# Website design company



## TenaciousTees (Dec 9, 2005)

Hello everyone,
I wanted to get some feedback on which companies have a good reputation as far as domains are concerned. I wanted to be t-shirt selling friendly obviously. I am planning on starting my t-shirt business come january. I have some ideas such as the customer being able to check designs on different color shirts with a flash like ability. Any input or recommendations would be deeply appreciated. Thanks


----------



## Rodney (Nov 3, 2004)

You can get a "domain name" for your new t-shirt website anywhere. The domain name is separate from the actual hosting and website design.

Places like godaddy.com, mydomain.com, even yahoo can sell you a domain name at a fair price.

That would be totally separate than paying for the hosting of your webpages and the hosting would be totally separate from paying for the "design" of your web pages.
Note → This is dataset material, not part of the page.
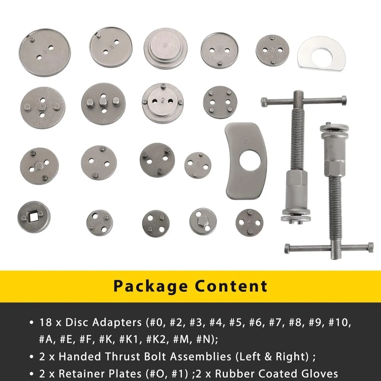 * Complete Caliper Compression Tool Kit: Includes right and left handed thrust bolts, 2 retaining plates, 18 disc adapters, 1 pair of gloves, and a convenient carry case for secure storage.

There are literally 1000's of web designers and web hosts out there. Here's a good article that should help you narrow down the right choice for you when looking for a web designer:
http://www.sitepoint.com/article/how-to-hire-a-web-designer

Here's a thread that talks about places to find t-shirt designers. Many of those places also have web designers for hire:
http://www.t-shirtforums.com/showthread.php?t=1424

Here's a thread where folks shared some of their favorite webhosts:
http://www.t-shirtforums.com/showthread.php?t=705


----------



## TenaciousTees (Dec 9, 2005)

Thanks Rodney. I appreciate you helping out a rookie.


----------